Ginsenoside M1 Induces Apoptosis and Inhibits the Migration of Human Oral Cancer Cells

• Published in: International journal of molecular sciences Vol. 21; no. 24; p. 9704
• Main Authors: Lee, Yu-Chieh, Wong, Wei-Ting, Li, Lan-Hui, Chu, Lichieh Julie, Menon, Mridula P, Ho, Chen-Lung, Chernikov, Oleg V, Lee, Sheau-Long, Hua, Kuo-Feng
• Format: Journal Article
• Language: English
• Published: Switzerland MDPI AG 19.12.2020; MDPI
• Subjects: Animals; Annexin V; Apoptosis; Biotransformation; Cancer therapies; caspase; Caspase-3; Cell cycle; Cell Movement; Cell Proliferation; Chromatography; DNA damage; Fermentation; Fungi; G1 phase; ginsenoside; Ginsenosides - pharmacology; Humans; Male; Malignancy; Metabolites; Metastases; Mice; Mice, Inbred BALB C; Mice, Nude; migration; Mouth Neoplasms - drug therapy; Mouth Neoplasms - metabolism; Mouth Neoplasms - pathology; Oral administration; Oral cancer; Oral squamous cell carcinoma; p53 Protein; Physiology; Squamous cell carcinoma; Tumor Cells, Cultured; Vimentin; Xenograft Model Antitumor Assays; Xenografts; Xenotransplantation; Beijing China; United States > US; China; Taiwan; biotransformation; xenograft; ginsenoside; migration; apoptosis; oral squamous cell carcinoma; caspase
• ISSN: 1422-0067; 1661-6596; 1422-0067
• DOI: 10.3390/ijms21249704

Oral squamous cell carcinoma (OSCC) accounts for 5.8% of all malignancies in Taiwan, and the incidence of OSCC is on the rise.
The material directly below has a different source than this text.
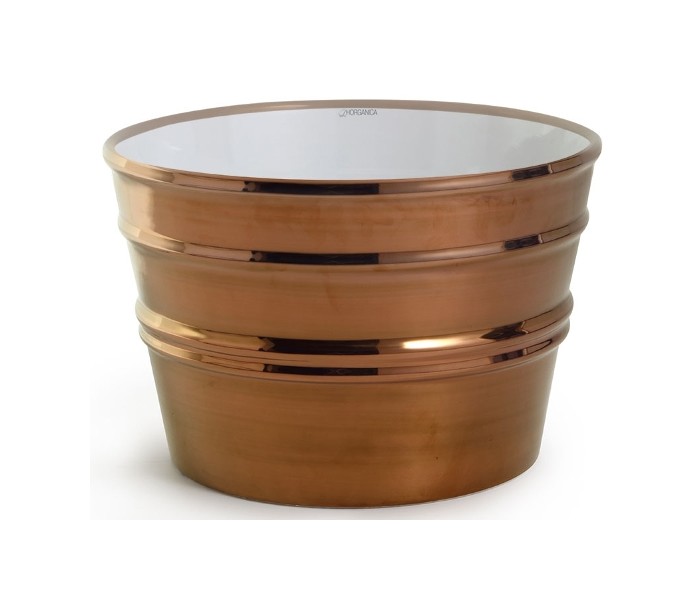 Håndvask i et moderne design, fremstillet med inderside i hvid keramik og med yderside og bundventil i kobberfarvet keramik. En smuk håndvask fra italienske Horganica, fremstillet i hånden og med bundventil i samme farve som vaskens yderside.

OSCC is also a common malignancy worldwide, and the five-year survival rate remains poor. Therefore, new and effective treatments are needed to control OSCC. In the present study, we prepared ginsenoside M1 (20-O-beta-d-glucopyranosyl-20(S)-protopanaxadiol), a major deglycosylated metabolite of ginsenoside, through the biotransformation of leaves by the fungus SP-LSL-002. We investigated the anti-OSCC activity and associated mechanisms of ginsenoside M1 in vitro and in vivo. We demonstrated that ginsenoside M1 dose-dependently inhibited the viability of human OSCC SAS and OEC-M1 cells. To gain further insight into the mode of action of ginsenoside M1, we demonstrated that ginsenoside M1 increased the expression levels of Bak, Bad, and p53 and induced apoptotic DNA breaks, G1 phase arrest, PI/Annexin V double-positive staining, and caspase-3/9 activation. In addition, we demonstrated that ginsenoside M1 dose-dependently inhibited the colony formation and migration ability of SAS and OEC-M1 cells and reduced the expression of metastasis-related protein vimentin. Furthermore, oral administration or subcutaneous injection of ginsenoside M1 significantly reduced tumor growth in SAS xenograft mice. These results indicate that ginsenoside M1 can be translated into a potential therapeutic against OSCC.